[Given material]:
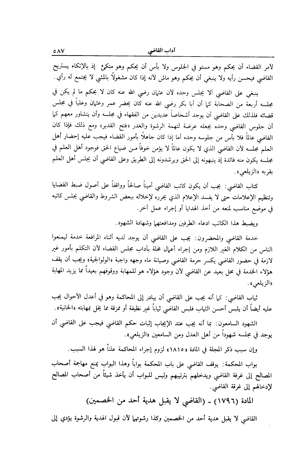 لِأَمْرِ الْقَضَاءِ أَنْ يَحْكُمَ وَهُوَ مُسْتَوٍ فِي الْجُلُوسِ، وَلَا بَأْسَ أَنْ يَحْكُمَ وَهُوَ مُتَّكِئٌ إذْ بِالْإِتْكَاءِ يَسْتَرِيحُ الْقَاضِي فَيَحْسُنُ رَأْيُهُ وَلَا يَنْبَغِي أَنْ يَحْكُمَ وَهُوَ مَاشٍ؛ لِأَنَّهُ إذَا كَانَ مَشْغُولًا بِالْمَشْيِ لَا يَجْتَمِعُ لَهُ رَأْيٌ. يَنْبَغِي عَلَى الْقَاضِي أَلَّا يَجْلِسَ وَحْدَهُ؛ لِأَنَّ عُثْمَانَ - رَضِيَ اللَّهُ عَنْهُ - كَانَ لَا يَحْكُمُ مَا لَمْ يَكُنْ فِي مَجْلِسِهِ أَرْبَعَةٌ مِنْ الصَّحَابَةِ كَمَا أَنَّ أَبَا بَكْرٍ - رَضِيَ اللَّهُ عَنْهُ - كَانَ يُحْضِرُ عُمَرَ وَعُثْمَانَ وَعَلِيًّا فِي مَجْلِسِ قَضَائِهِ فَلِذَلِكَ عَلَى الْقَاضِي أَنْ يُوجِدَ أَشْخَاصًا عَدِيدِينَ مِنْ الْفُقَهَاءِ فِي مَجْلِسِهِ، وَأَنْ يَتَشَاوَرَ مَعَهُمْ كَمَا أَنَّ جُلُوسَ الْقَاضِي وَحْدَهُ يَجْعَلُهُ عُرْضَةً لِتُهْمَةِ الرِّشْوَةِ وَالْغَدْرِ (فَتْحُ الْقَدِيرِ) . وَمَعَ ذَلِكَ فَإِذَا كَانَ الْقَاضِي عَالِمًا فَلَا بَأْسَ مِنْ جُلُوسِهِ وَحْدَهُ أَمَّا إذَا كَانَ جَاهِلًا بِأُمُورِ الْقَضَاءِ فَيَجِبُ عَلَيْهِ إحْضَارُ أَهْلِ الْعِلْمِ مَجْلِسَهُ؛ لِأَنَّ الْقَاضِيَ الَّذِي لَا يَكُونُ عَالِمًا لَا يُؤْمَنُ خَوْفًا مِنْ ضَيَاعِ الْحَقِّ فَوُجُودُ أَهْلِ الْعِلْمِ فِي مَجْلِسِهِ يَكُونُ مِنْهُ فَائِدَةٌ إذْ يُنَبِّهُونَهُ إلَى الْحَقِّ وَيُرْشِدُونَهُ إلَى الطَّرِيقِ، وَعَلَى الْقَاضِي أَنْ يُجْلِسَ أَهْلَ الْعِلْمِ بِقُرْبِهِ (الزَّيْلَعِيّ) .
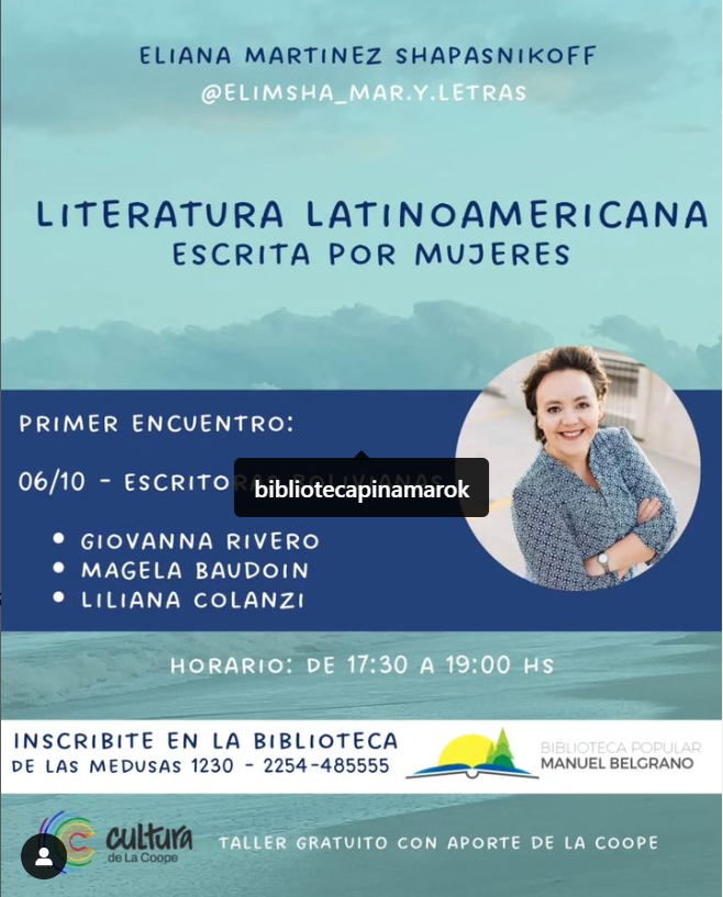 El 6 de octubre a las 17:30 hs comienzó el taller "Literatura Latinoamericana escrita por mujeres" en la Biblioteca Popular Manuel Belgrano de Pinamar.
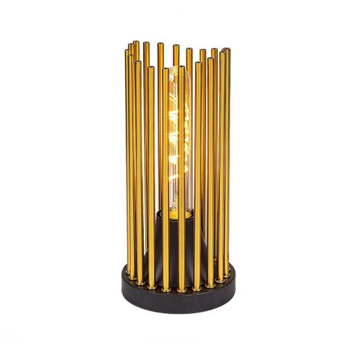Matt fekete színű fém asztali lámpa sárgaréz színű fém csövecskékből álló búrával, E27-es foglalattal, vezetékre szerelt kapcsolóval.
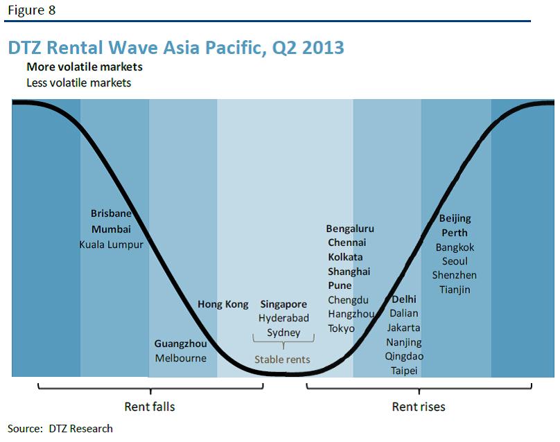 The weaker China economic growth story saw general sentiment and demand for office space in the Asia-Pacific region "cool" over the same period, with the exception of the emerging south-east Asian markets.

[To do]:
Look above for the line with "El 6 de octubre" and the line with "Matt fekete színű", then restate exactly those two lines and all lines between them, with no pictures.

[Output of the task]:
 El 6 de octubre a las 17:30 hs comienzó el taller "Literatura Latinoamericana escrita por mujeres" en la Biblioteca Popular Manuel Belgrano de Pinamar.
Matt fekete színű fém asztali lámpa sárgaréz színű fém csövecskékből álló búrával, E27-es foglalattal, vezetékre szerelt kapcsolóval.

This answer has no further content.